A random bridge in the middle of the forest
in Honduras. Rando cool pic of the day.
This post starts out no differently than the last. Life has still been tough. I woke up Friday really frustrated. I was frustrated because I felt like I had been gaining weight. I've mentioned this before in my blog, but when I was younger I was really fat. Now anytime I feel like I've gained even the tiniest bit of weight I feel awful. I get angry and just feel ashamed of myself. I tried fighting it all day, but I felt unable to. I tried telling myself that God is okay with me, that He is still proud of me. But it really didn't help. The shame I felt was too strong. I tried, but I couldn't reject it. I fell hard. It made me irritable and annoyed with everyone and everything. I didn't know what was going on or how to fix things. I was too impatient to sit with God, so I just ran. I ran to all the comfortable sins and went to bed trying my hardest to just ignore it all. I felt defeated, and I just wanted to be numb. I woke up yesterday feeling the same way. My roommates and I decided to play basketball. Before we played I got to talk with one of my roommates about what was bothering me. I had kept it to myself for reasons I can't really explain, but I wanted to tell someone. I feel like that in itself was grace. Its always better to have another with you when you struggle. We played basketball and I just got really angry. I did awful, and I felt awful. I just gave up halfway through the second game, hardly making the effort to even walk down the court to help. We ended up losing that game. We lose a lot haha. We got home and I called my friend Mr. Jon O. I told him all I've written so far, and he pointed out the grace I couldn't see. I'm still not entirely sure I see it, but I hardly ever see what God is doing until its done and in the past. I still don't really see the grace.
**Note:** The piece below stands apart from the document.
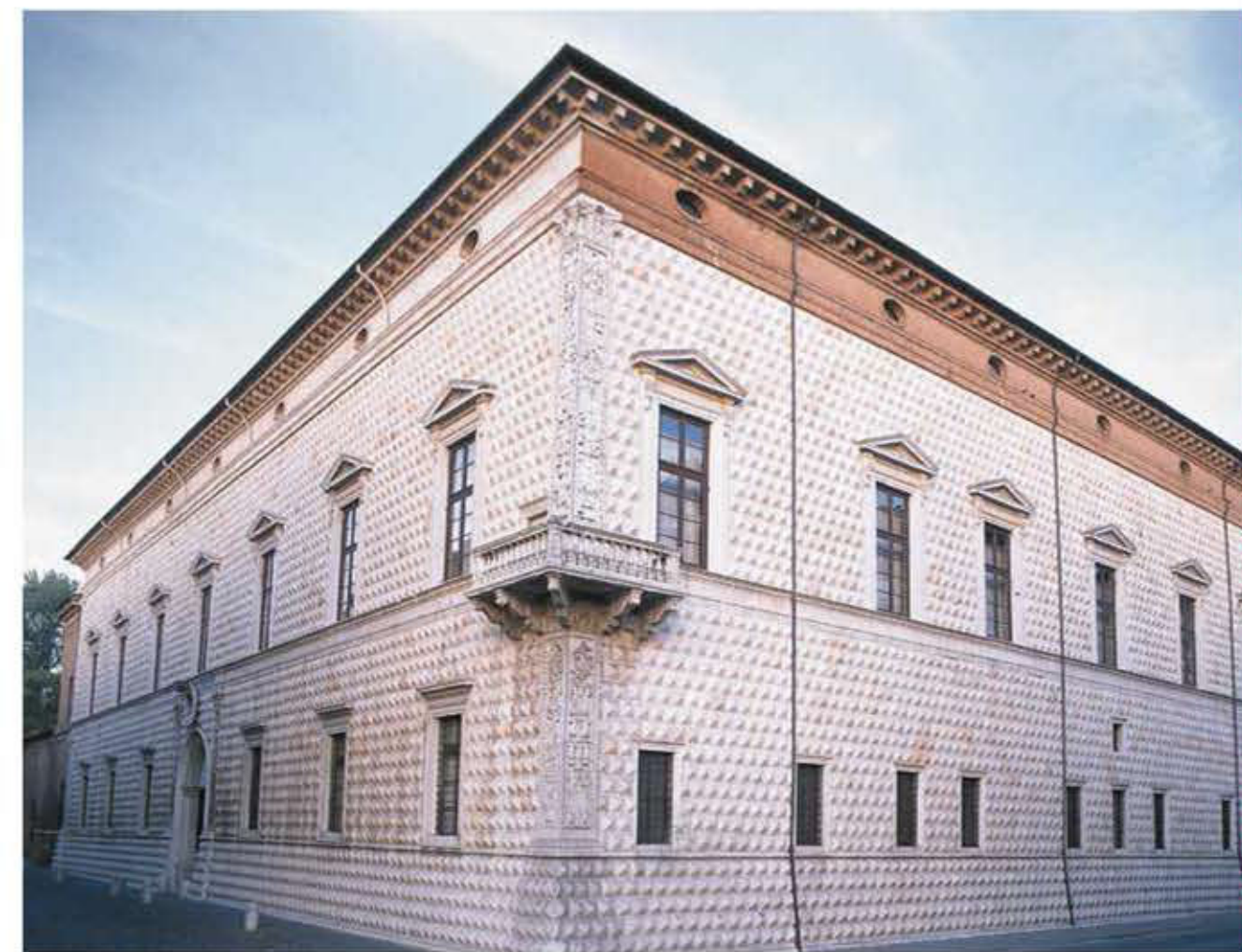
2016, Palazzo dei Diamanti, Ferrara.

«Lampeggia, palazzo spirtal de' diamanti, e tu, fatta ad accôrre sol poeti e duchesse, o porta de' Sacrati, sorridi nel florido arco!»

I went to McDonalds between writing this paragraph and the last. I needed some fresh air/Dr. Pepper since I hadn't left the house yet today. Also, car rides are just great places to hang out with God. I felt frustrated because I didn't know what to do about all the shame I feel. Then I remembered that its so freaking simple. I'm in distress. I just have to say yes to Jesus. So much of my frustration with Jesus stems from the fact that I always feel like I should be doing something in order to receive Him, but it is not this way. He is free. He gives Himself to us as a gift. Its funny, I said to myself in the car "Gosh dang it Jesus, you freaking pwn. I accept. Yes. Thanks." I'm not sure what He's going to do with how I'm feeling, but that's kind of exciting. I know I'll be pleasantly surprised. I know I won't be so ashamed of myself forever. God's way too generous to let that happen. It reminds me of a quote I've always enjoyed: "The glory of God is man fully alive."- Saint Ireneus. So thats where I stand now, waiting for Jesus to be generous. He will be.